Sales requires processes as projects
In recent years, the “project” has become the predominant format for conducting business activities or activities within businesses. And it is also now established practice to glorify even routine activities by dubbing them as projects. Projects structure our world of business and work and render it understandable and measurable. These are good and appropriate aspects of projects.
However, projects also suggest that a certain business process has a clearly defined beginning and an equally clearly defined end, the point in time when everyone is done with what they were supposed to do and can head home contented. That is exactly why it would be wrong to talk about IT projects. The term “IT project” creates the impression that IT support for strategies and processes has a clearly defined end. That is not the case, however IT is an ongoing process.
Change in Paradigms in Understanding Business processes
Business processes are and must be subject to constant change so that companies can seize the competitive opportunities presented to them. Business models were once carved in stone but they can be swept away today by the howling winds of competition—unless they are adapted, changed or completely redone. As companies continuously evaluate their own business models, part of that effort is to constantly adapt their IT. Companies cannot have information architecture that is simpler than their business model. The IT architecture of a company must strengthen the crucial functions within a company, such as sales, for example.
The Benefit to Customers Counts
The need to examine IT solutions as processes in the context of a company’s business model is driven by a force that increasingly shapes our economy: the struggle to benefit customers.

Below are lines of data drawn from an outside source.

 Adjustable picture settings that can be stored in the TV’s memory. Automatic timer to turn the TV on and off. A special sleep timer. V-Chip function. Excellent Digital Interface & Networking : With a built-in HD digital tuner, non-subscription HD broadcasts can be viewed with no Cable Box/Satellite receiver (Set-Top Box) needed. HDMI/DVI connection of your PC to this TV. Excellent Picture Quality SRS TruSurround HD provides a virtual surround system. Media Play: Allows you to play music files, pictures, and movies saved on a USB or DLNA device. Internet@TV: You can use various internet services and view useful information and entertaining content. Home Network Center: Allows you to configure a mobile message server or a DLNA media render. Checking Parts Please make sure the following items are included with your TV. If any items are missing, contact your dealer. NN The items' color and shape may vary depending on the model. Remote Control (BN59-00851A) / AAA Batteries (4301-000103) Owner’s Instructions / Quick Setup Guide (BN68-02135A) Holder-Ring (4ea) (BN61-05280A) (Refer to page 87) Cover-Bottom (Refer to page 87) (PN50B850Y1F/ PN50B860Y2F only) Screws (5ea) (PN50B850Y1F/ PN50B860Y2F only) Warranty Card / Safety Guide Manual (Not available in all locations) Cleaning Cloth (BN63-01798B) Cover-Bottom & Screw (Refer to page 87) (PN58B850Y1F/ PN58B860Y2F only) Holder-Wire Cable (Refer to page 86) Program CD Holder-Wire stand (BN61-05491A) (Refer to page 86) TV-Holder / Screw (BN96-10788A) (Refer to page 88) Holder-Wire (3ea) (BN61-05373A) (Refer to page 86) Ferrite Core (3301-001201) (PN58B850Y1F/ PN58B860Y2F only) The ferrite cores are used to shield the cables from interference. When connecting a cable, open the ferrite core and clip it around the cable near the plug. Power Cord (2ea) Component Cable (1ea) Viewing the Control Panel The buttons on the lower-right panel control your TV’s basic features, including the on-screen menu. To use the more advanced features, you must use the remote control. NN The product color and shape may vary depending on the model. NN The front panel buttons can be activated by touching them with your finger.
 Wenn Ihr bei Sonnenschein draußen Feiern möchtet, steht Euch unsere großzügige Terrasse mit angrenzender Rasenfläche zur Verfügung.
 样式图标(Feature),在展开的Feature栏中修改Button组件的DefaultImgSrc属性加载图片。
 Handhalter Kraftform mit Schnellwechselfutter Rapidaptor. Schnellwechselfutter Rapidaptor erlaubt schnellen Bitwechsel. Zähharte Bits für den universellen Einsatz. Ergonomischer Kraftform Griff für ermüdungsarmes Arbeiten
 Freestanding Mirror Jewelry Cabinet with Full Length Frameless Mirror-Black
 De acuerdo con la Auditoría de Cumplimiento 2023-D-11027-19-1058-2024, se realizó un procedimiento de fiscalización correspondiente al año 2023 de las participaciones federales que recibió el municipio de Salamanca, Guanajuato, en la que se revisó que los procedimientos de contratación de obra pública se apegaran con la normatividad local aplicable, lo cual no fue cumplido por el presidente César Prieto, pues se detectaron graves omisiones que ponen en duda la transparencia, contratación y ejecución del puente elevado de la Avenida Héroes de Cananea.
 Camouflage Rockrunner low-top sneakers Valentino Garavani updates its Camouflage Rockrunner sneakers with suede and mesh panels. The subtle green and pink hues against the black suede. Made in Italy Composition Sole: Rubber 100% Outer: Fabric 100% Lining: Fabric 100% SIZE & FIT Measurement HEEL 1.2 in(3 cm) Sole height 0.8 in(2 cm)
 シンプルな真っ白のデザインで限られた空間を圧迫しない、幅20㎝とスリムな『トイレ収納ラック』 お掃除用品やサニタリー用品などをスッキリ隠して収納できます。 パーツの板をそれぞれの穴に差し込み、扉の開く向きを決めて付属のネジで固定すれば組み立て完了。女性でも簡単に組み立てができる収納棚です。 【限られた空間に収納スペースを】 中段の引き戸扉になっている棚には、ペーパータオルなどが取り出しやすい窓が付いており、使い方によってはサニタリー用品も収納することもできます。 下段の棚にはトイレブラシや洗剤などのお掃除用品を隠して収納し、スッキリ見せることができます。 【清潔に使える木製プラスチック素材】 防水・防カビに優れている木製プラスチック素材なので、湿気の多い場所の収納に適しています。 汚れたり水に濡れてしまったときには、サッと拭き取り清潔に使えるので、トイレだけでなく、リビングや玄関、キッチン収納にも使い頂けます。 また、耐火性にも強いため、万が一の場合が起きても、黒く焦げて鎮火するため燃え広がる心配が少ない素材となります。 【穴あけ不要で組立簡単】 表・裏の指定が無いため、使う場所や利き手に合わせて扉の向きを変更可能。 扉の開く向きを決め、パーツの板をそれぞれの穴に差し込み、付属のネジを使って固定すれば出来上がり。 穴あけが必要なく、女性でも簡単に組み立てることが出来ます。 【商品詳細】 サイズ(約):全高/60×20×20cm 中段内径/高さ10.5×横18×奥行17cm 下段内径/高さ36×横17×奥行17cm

In highly competitive markets, internal streamlining and increased efficiency are naturally indispensable. However, the crucial factor is to take the lead in the competition to create benefits for customers. Winning over new customers is known to be much more expensive—in certain industries many times more expensive—than maintaining bonds with an existing clientele. That is why companies give clear priority to gearing their business processes to providing their customers with optimum service and to building customer loyalty with corresponding programs and sales promotion activities. IT plays a key part in these efforts. It allows customer requests and preferences to be recorded as accurately as possible and used as a basis for giving customers the best possible service.
The catchword of “one-to-one” marketing, the ideal form of customer communication, has been a promise for a long time. Individualized customer communication is becoming a reality thanks to increasingly differentiated and intelligent IT applications. And therein lie the decisive competitive advantages today in more and more industries.
With the success story of the consumer paradigm, customers have become timid creatures. Their requirements, their wishes, their behavior define and change business processes to an ever-greater degree. A company providing the right IT support that constantly helps to develop processes and ascertain needs will fare well in competition. Without an appropriate IT base, customer relationship management (CRM) usually remains an empty promise.